Не имея ни научной компетенции, ни возможности более обстоятельно обсуждать работы Гамова, мгновенно принесшие ленинградскому аспиранту международную известность, остановлюсь лишь на указанной статье — с точки зрения проявившегося в ней мыслительного стиля её автора. Боясь показаться самонадеянным, сделаю предположение, что важнейшей чертой этого стиля было остроумие. Если следовать Зигмунду Фрейду, то к методологии остроумного мышления принадлежат такие приёмы, как «сгущение, смещение, изображение через противоположное, через самое малое» («Автобиография»)[880]. То есть сопоставление между собой далёких явлений, проведение неожиданных аналогий. Именно это и было самой сильной стороной научного стиля Георгия Гамова. Знаменитый учёный Станислав Улам писал об этом в своём предисловии к воспоминаниям Гамова: «Мой друг, математик, покойный Стефан Банах однажды сказал мне: “Хорошие математики видят аналогии между теоремами или теориями, а самые лучшие видят аналогии между аналогиями”. Этой способностью находить общее между моделями для физических теорий Гамов обладал почти до сверхъестественной степени. В современную эпоху всё более сложного и, может быть, сверхсложного использования математики было удивительно видеть, сколь много он мог достичь использованием интуитивных картин и аналогий, получаемых историческими или даже художественными сравнениями»[881]. Если угодно, Гамов и здесь был верен своему «джаз–бандовскому» стилю. Необычайной популярностью пользовалась предложенная им остроумная интерпретация теории альфа–распада как «туннельного эффекта».

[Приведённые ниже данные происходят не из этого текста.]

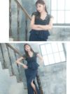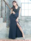 半袖ブラックスカラップレースアシメぺプラム切り替えスリットストレッチタイトロングドレスのカラーバリエーション

Чтобы не залезать в дебри атомной физики, сошлюсь на работу одного из крупнейших учёных XX в. Луи де Бройля «Революция в физике», где тому эффекту посвящён отдельный параграф. Де Бройль предлагает мысленно рассмотреть ситуацию, когда частица заключена в пространстве, со всех сторон ограниченном потенциальными барьерами, высота которых больше энергии частицы. Классическая механика утверждала, что частица никогда не сможет вырваться из той потенциальной ямы. Согласно применённой Гамовым волновой механике частица, наоборот, имеет вполне определённую, небольшую вероятность покинуть яму. В научном сообществе бытует легенда о том, что после выступления Гамова с изложением своей теории 27 февраля 1929 г. в лондонском Королевском обществе на открытии дискуссии о строении атомных ядер не менее остроумно описал это положение вещей британский физик Роберт Фаулер: каждый присутствующий в этом помещении имеет конечную вероятность покинуть его, не проходя через дверь или, конечно, не прыгая в окно.

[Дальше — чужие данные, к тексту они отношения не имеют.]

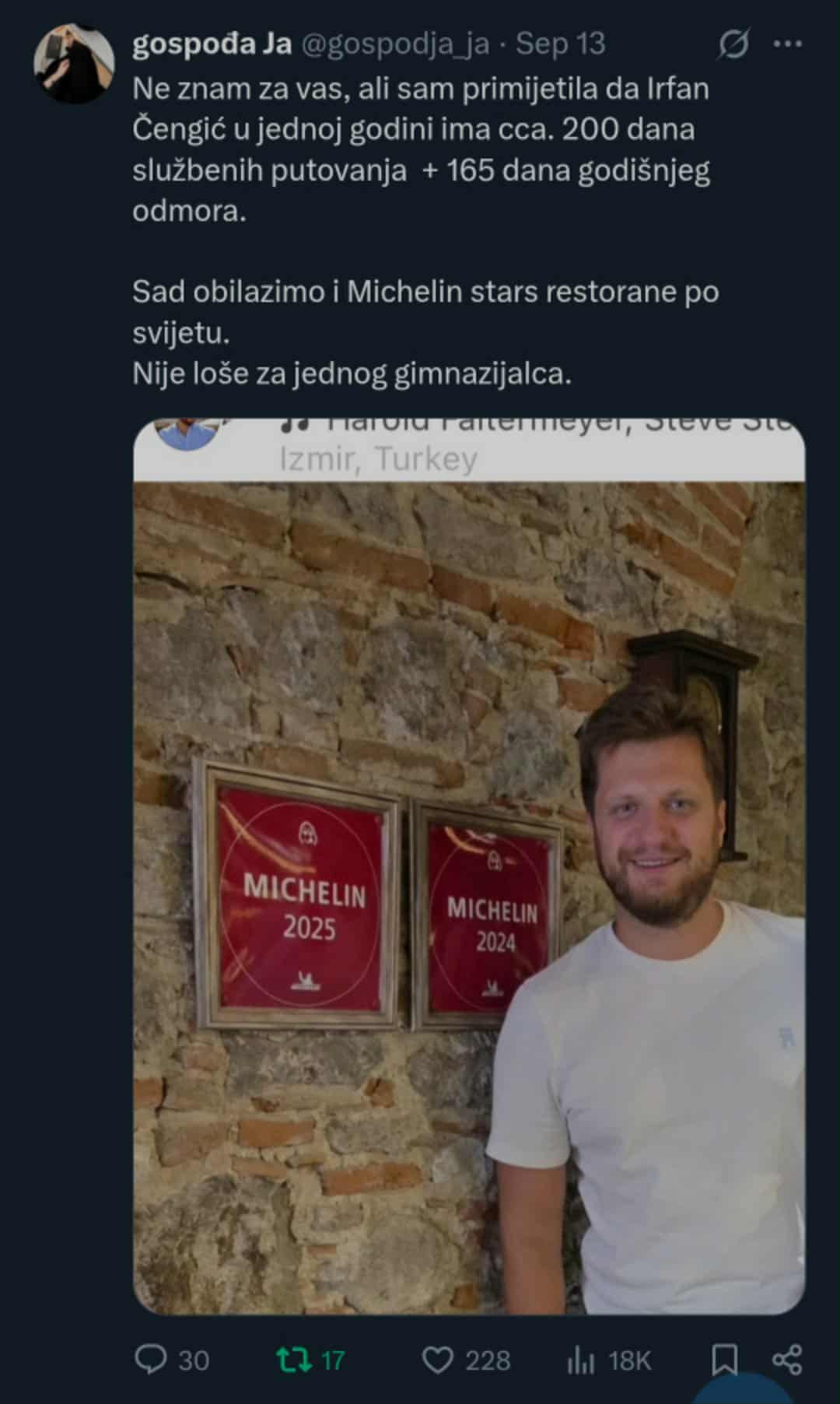 Helem, ima Irfan Čengić milion aferima, ali ovo brojanje para nekome mi je baš degutantno. Lik putuje, što radi 85% naroda ovdje, ne voza se helikopterima niti se slika iz Dubaija iz hotela sa sedam zvjezdica, de se dozovite.

Луи де Бройль показал, как работает эта теория в случае альфа–распада: «Можно предположить, что альфа–частицы ещё до распада заключены в ядрах радиоактивных атомов как в потенциальной яме… Величайшее удивление вызывал у физиков такой факт: энергия альфа–частиц, выходящих из распадающихся ядер, была, по–видимому, гораздо ниже той, которая позволила бы им перевалить через окружающий ядро потенциальный барьер… Если исходить из классических представлений, то мы попадаем в тупик. А вот туннельный эффект сразу всё объясняет. Заключённые в радиоактивном ядре альфа–частицы находятся в потенциальной яме с очень высокими стенками. Тем не менее они имеют определённую вероятность за единицу времени выскочить наружу. Эта вероятность, очевидно, равна постоянной распада радиоактивного вещества… Сделав разумные предположения о форме этих барьеров, Гамов показал, что результаты теории очень близки к наблюдаемым». Луи де Бройль счёл необходимым сказать о «замечательном применении волновой механики, которое нашёл Гамов»[882]. Столь же лестно на несколько лет раньше отозвался о теории Гамова на упомянутой дискуссии в Королевском обществе Эрнест Резерфорд. Это был подлинный триумф молодого учёного из Советской России[883]. Триумф его мыслительного стиля. Но не жизненного. Тут произошёл генеральный сбой: коса нашла на камень.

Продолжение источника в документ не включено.